SDB:Converting Files or File Names to UTF-8 Encoding

From openSUSE


Version: 9.1

Symptom

Special characters in files or file names are not properly displayed.

Cause

As of SUSE LINUX version 9.1, the default system character set is "lang_LANG.UTF-8". Further, if you have files from Windows filesystems, their filename might not be encoded correctly.

Solution

There are several approaches for the conversion to UTF-8 encoding:

If you have problems concerning the incorrect representation of file names, use the script "convmv" to convert these names to UTF-8. For example:

sudo zypper in convmv

to install the script.

convmv --notest -r -f latin1 -t utf-8

If the files are from a Windows filesystem, you can change their encoding with:

convmv -r -f cp1252 -t utf-8

Add a --notest to the line above, to actually change the filenames. Without it, convmv will just show you what it would do, i.e. before you convert, make sure you have chosen the correct input-encoding. Other English encoding could be cp437

If you have problems concerning the incorrect representation of file contents, use the command "iconv" to convert them to UTF-8. For example:

iconv -f latin1 -t utf-8 document.txt >> document_new.txt

To switch back to the ISO encoding, open the "Language selection" module in the "System" section in "YaST Control Center". The language currently in use is preselected after launching the module. Click "Details" and disable the use of UTF-8 encoding in the displayed dialog. Accept the modified settings and finish YaST.

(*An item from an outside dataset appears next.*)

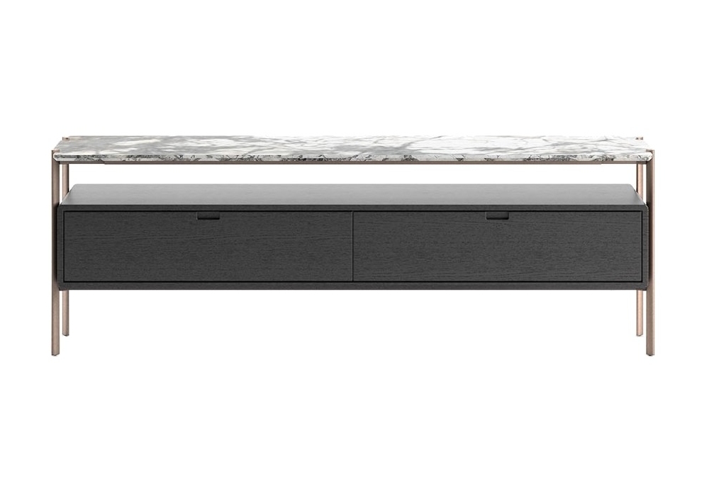 Eros designed by Studio 63 for MisuraEmme is a sideboard characterized by a bronze metal structure supporting the black oak container and the marble top. Available in two dimensions.

The release notes for SUSE LINUX version 9.1 include a section on this subject:

UTF-8 Encoding Is Default

See http://www.suse.de/~mfabian/suse-cjk/locales.html

Non-UTF-8 File Names

Files from file systems created with SUSE LINUX versions up to 9.0 do not use UTF-8 encoding for the file names (unless otherwise specified). If these files include non-ASCII characters, they are not properly displayed with SUSE LINUX 9.1 or newer versions. To avoid this, use the script convmv to convert the files to UTF-8.